- Extracted entries:
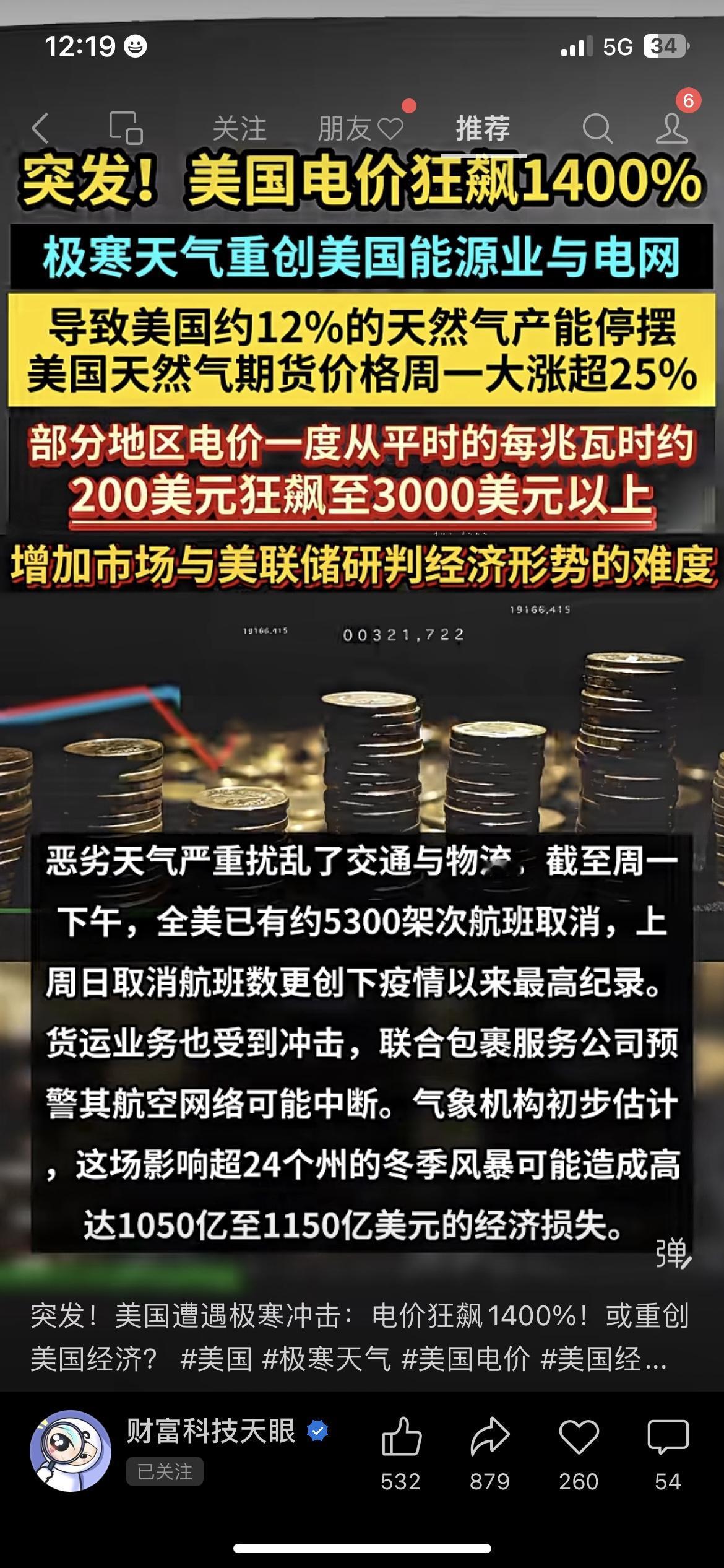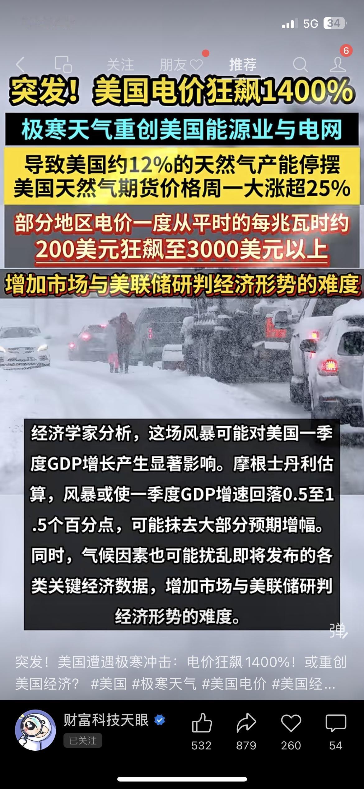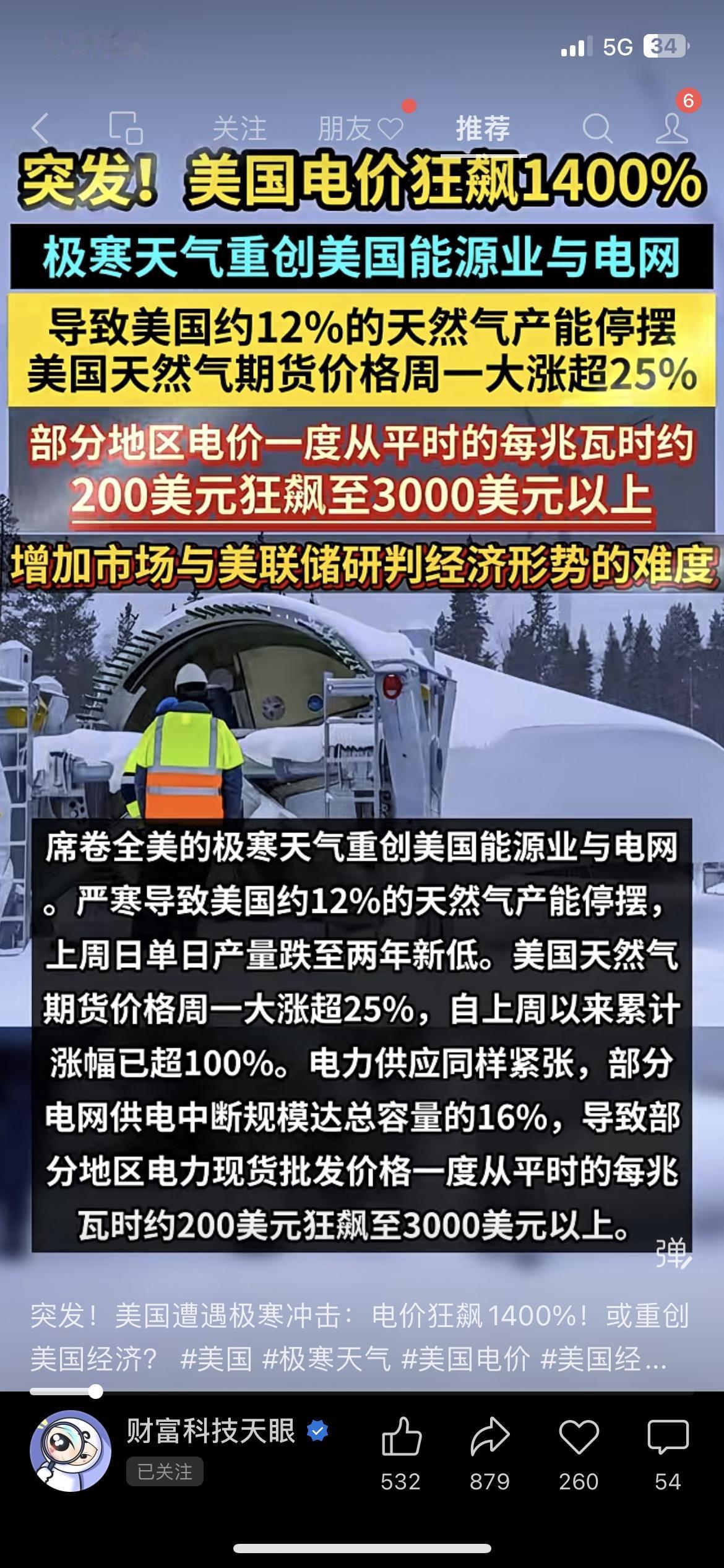 😱美国电价疯涨1400%!天然气产能停摆 极寒天气重创美国能源业,部分地区电价从200美元飙到3000美元以上,天然气期货大涨超25%,经济损失或超千亿! 我在美留学的表妹说,家里空调都不敢开了。 你觉得这会推高全球能源价格吗? 美国电价 极寒天气
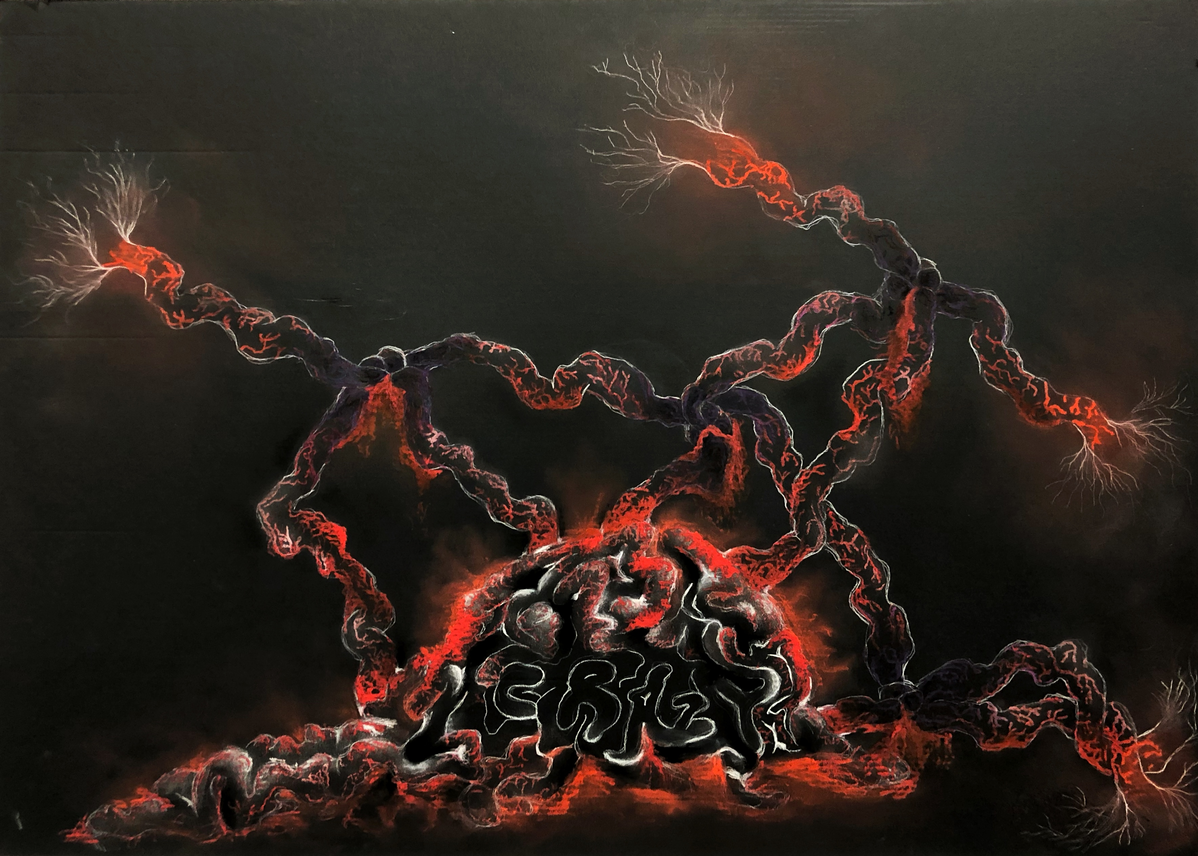 Crazy brain, 2021, oil&soft pastel + pencil
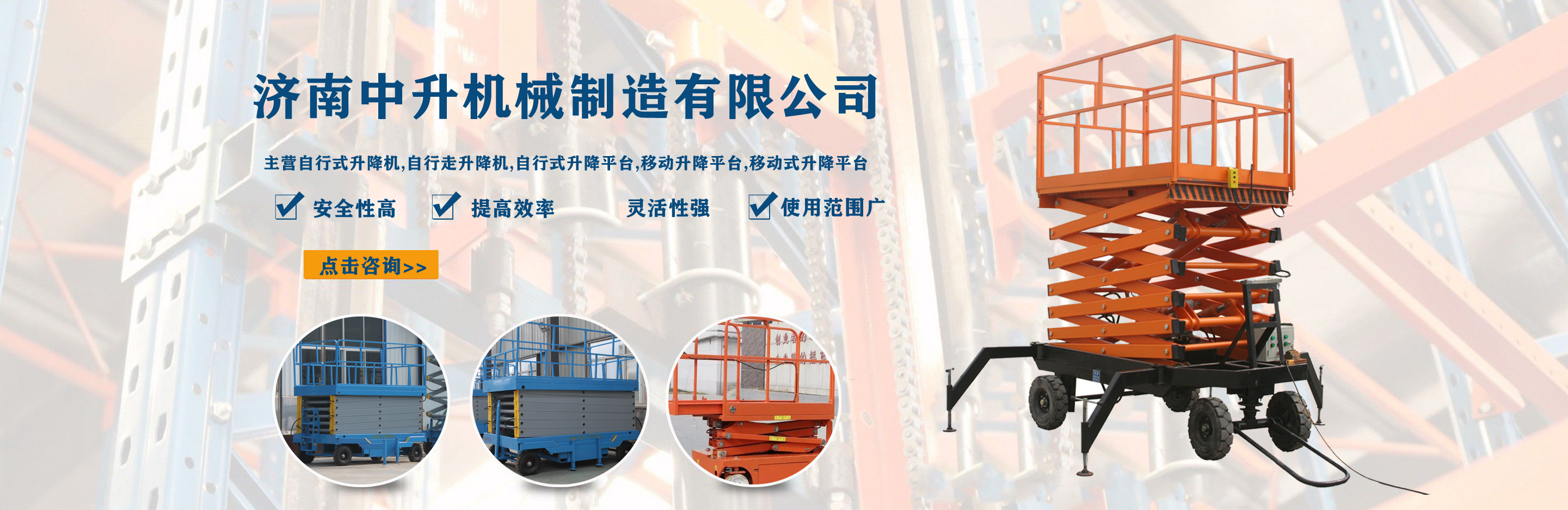 濟南中升機械制造有限公司主營自行式升降機,自行走升降機,自行式升降平臺,移動升降平臺,移動式升降平臺等產品,產品廣泛用于廠房維護、工業(yè)安裝、設備檢修、物業(yè)管理、倉庫、航空、機場、港口、車站、加油站、體育場、展覽館等多種行業(yè)和場所, 公司設備精良、工藝合理、檢測手段齊全,技術力量充足,公司創(chuàng)立伊始即本著“專注、專心”的經營理念,依托技術團隊優(yōu)勢和設備硬件保障,全力打造良心的升降平臺企業(yè)。 我公司始終以“品質為本,服務至上”作為企業(yè)宗旨。只要你訂購了我公司的產品,無論你身處何方,我們都會及時派出技術人員為你服務!...
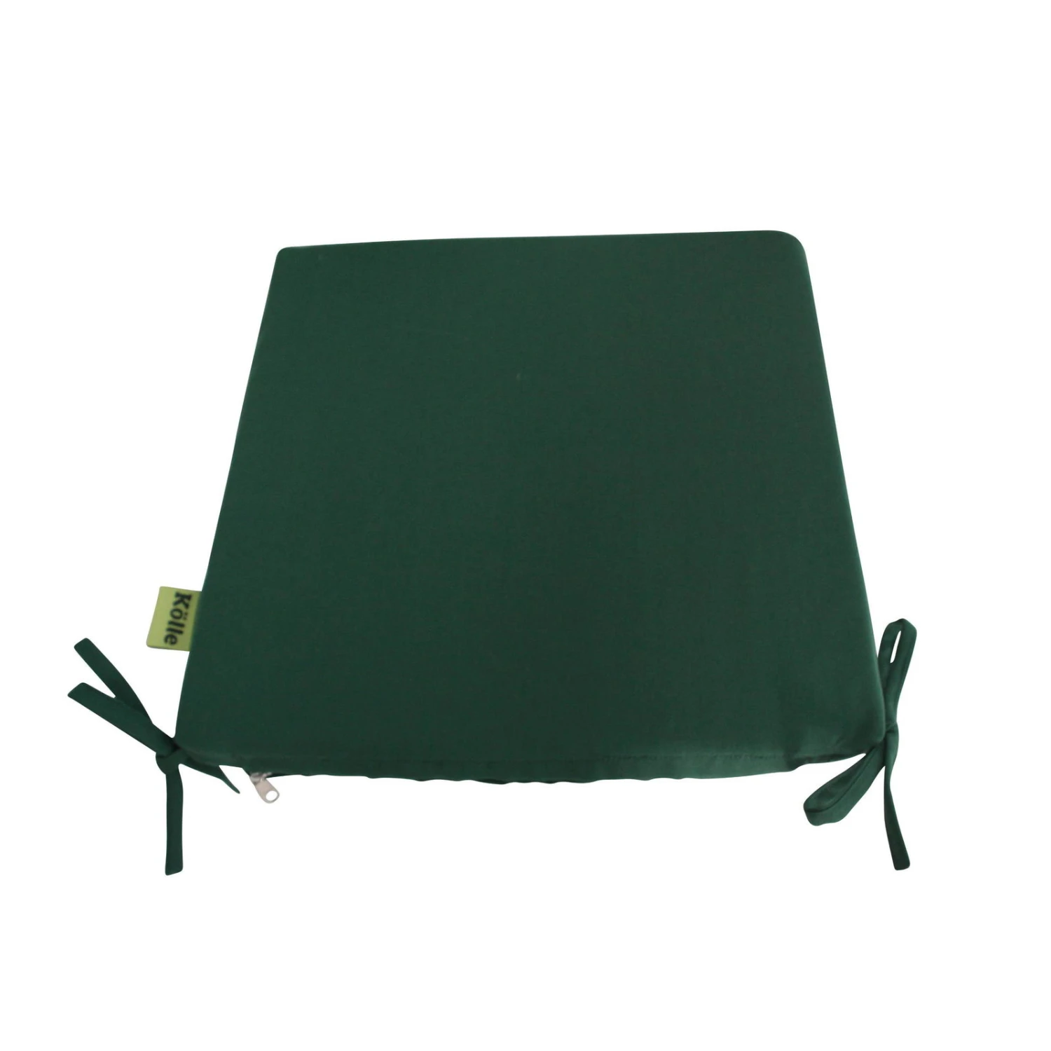Die Stuhlauflage ‚Olivia 61‘ von Kölle in elegantem Dunkelgrün überzeugt mit weicher, ergonomischer Polsterung und sorgt für ein angenehmes Sitzgefühl. Dank der Bändchen bleibt die Polsterauflage immer an ihrem Platz. Der Bezug aus modernem wetterfestem und lichtechtem Stoff Dralon lässt sich für die Reinigung problemlos abnehmen.
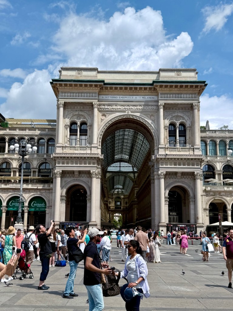 After taking in the view from the roof of the Duomo, we stepped into the Galleria Vittorio Emanuele II – where Milan shows off its elegance with nonchalance. Opened in 1877, the gallery is like a royal walkway covered in glass and steel, one of the first structures of its kind in Europe. If Instagram had existed in the 19th century, this would have been the place to take all the photos.
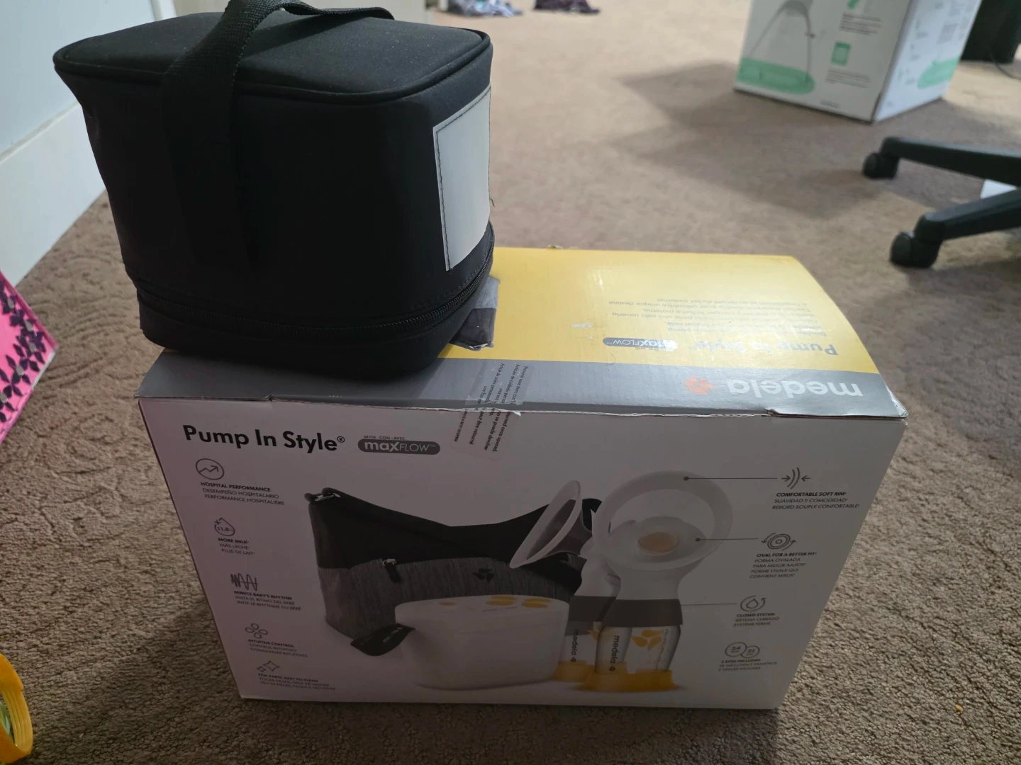 This is a Medela Pump In Style MaxFlow double electric breast pump. It includes a portable bag and two bottles. The pump is designed for hospital performance and comfortable use.
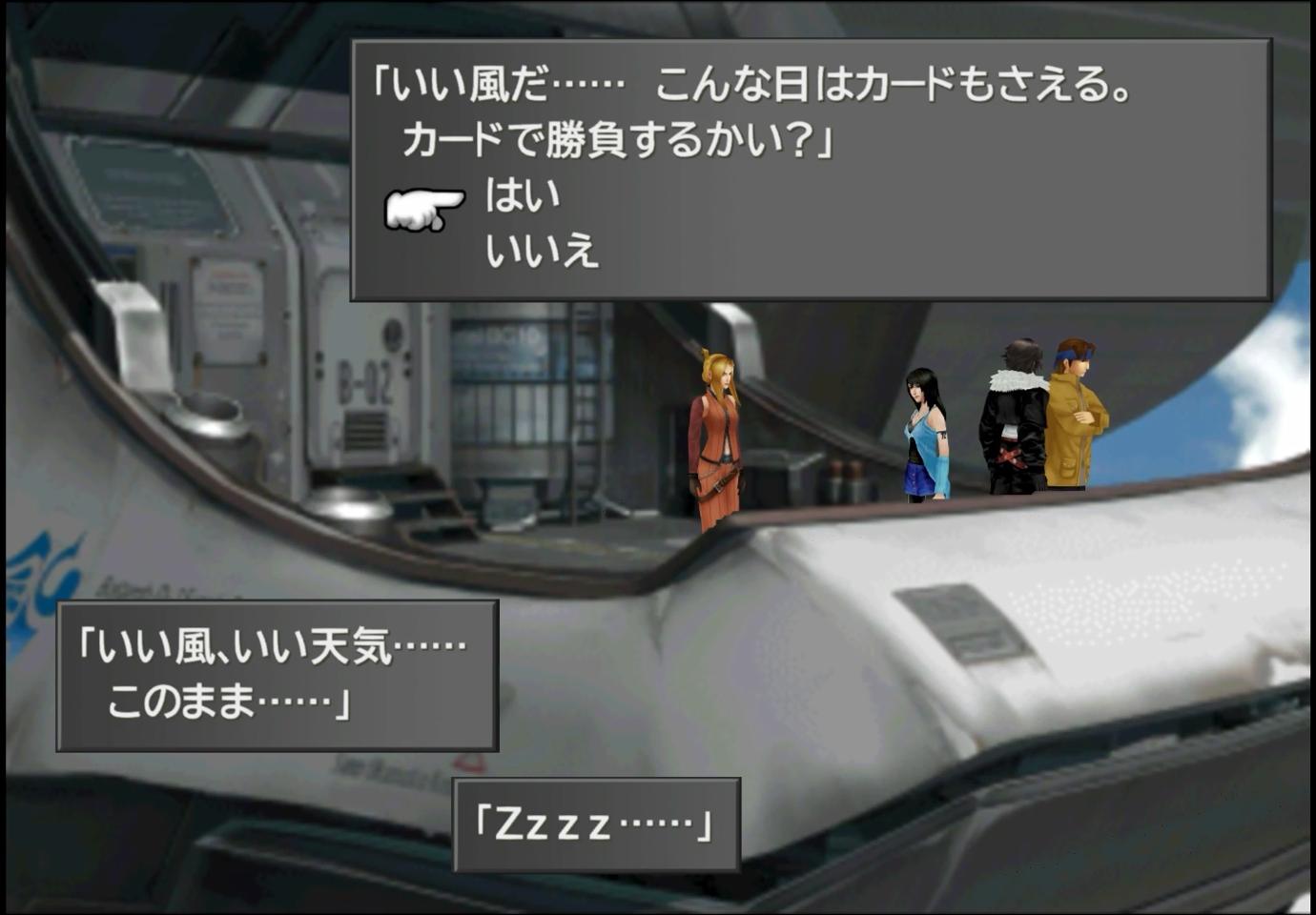 ――そして、ここでの注目ポイントは、シュウではなく、その奥の扉だ。リノアの例のムービーや、F.H.への入口に使われるベランダであるが、このタイミングで向かうと、黄色ジャンパーの男がくつろいでいる。何気に、バラムガーデンでは、初のボスカードの使い手であり、私は、ゲーム冒頭でカードを7枚くれた人(CC団のスペード)だと思っていたが、それとは別人のようである。ガーデンが大混乱のなか、なぜこのような場所に居たのかというと、フラグ管理が曖昧でこの後の時間軸が混ざってしまったため風を感じていたということである。大物すぎる。そして2回目に話しかけると「Zzzz……」と寝ている様子が見て取れる。“戦いに参加しないのが一番の抵抗”という思想を表現している…のかもしれない。

- About this exercise: Everything in the entries above should be printed again exactly, apart from the pictures.

- Task answer:
 😱美国电价疯涨1400%!天然气产能停摆 极寒天气重创美国能源业,部分地区电价从200美元飙到3000美元以上,天然气期货大涨超25%,经济损失或超千亿! 我在美留学的表妹说,家里空调都不敢开了。 你觉得这会推高全球能源价格吗? 美国电价 极寒天气
 Crazy brain, 2021, oil&soft pastel + pencil
 濟南中升機械制造有限公司主營自行式升降機,自行走升降機,自行式升降平臺,移動升降平臺,移動式升降平臺等產品,產品廣泛用于廠房維護、工業(yè)安裝、設備檢修、物業(yè)管理、倉庫、航空、機場、港口、車站、加油站、體育場、展覽館等多種行業(yè)和場所, 公司設備精良、工藝合理、檢測手段齊全,技術力量充足,公司創(chuàng)立伊始即本著“專注、專心”的經營理念,依托技術團隊優(yōu)勢和設備硬件保障,全力打造良心的升降平臺企業(yè)。 我公司始終以“品質為本,服務至上”作為企業(yè)宗旨。只要你訂購了我公司的產品,無論你身處何方,我們都會及時派出技術人員為你服務!...
Die Stuhlauflage ‚Olivia 61‘ von Kölle in elegantem Dunkelgrün überzeugt mit weicher, ergonomischer Polsterung und sorgt für ein angenehmes Sitzgefühl. Dank der Bändchen bleibt die Polsterauflage immer an ihrem Platz. Der Bezug aus modernem wetterfestem und lichtechtem Stoff Dralon lässt sich für die Reinigung problemlos abnehmen.
 After taking in the view from the roof of the Duomo, we stepped into the Galleria Vittorio Emanuele II – where Milan shows off its elegance with nonchalance. Opened in 1877, the gallery is like a royal walkway covered in glass and steel, one of the first structures of its kind in Europe. If Instagram had existed in the 19th century, this would have been the place to take all the photos.
 This is a Medela Pump In Style MaxFlow double electric breast pump. It includes a portable bag and two bottles. The pump is designed for hospital performance and comfortable use.
 ――そして、ここでの注目ポイントは、シュウではなく、その奥の扉だ。リノアの例のムービーや、F.H.への入口に使われるベランダであるが、このタイミングで向かうと、黄色ジャンパーの男がくつろいでいる。何気に、バラムガーデンでは、初のボスカードの使い手であり、私は、ゲーム冒頭でカードを7枚くれた人(CC団のスペード)だと思っていたが、それとは別人のようである。ガーデンが大混乱のなか、なぜこのような場所に居たのかというと、フラグ管理が曖昧でこの後の時間軸が混ざってしまったため風を感じていたということである。大物すぎる。そして2回目に話しかけると「Zzzz……」と寝ている様子が見て取れる。“戦いに参加しないのが一番の抵抗”という思想を表現している…のかもしれない。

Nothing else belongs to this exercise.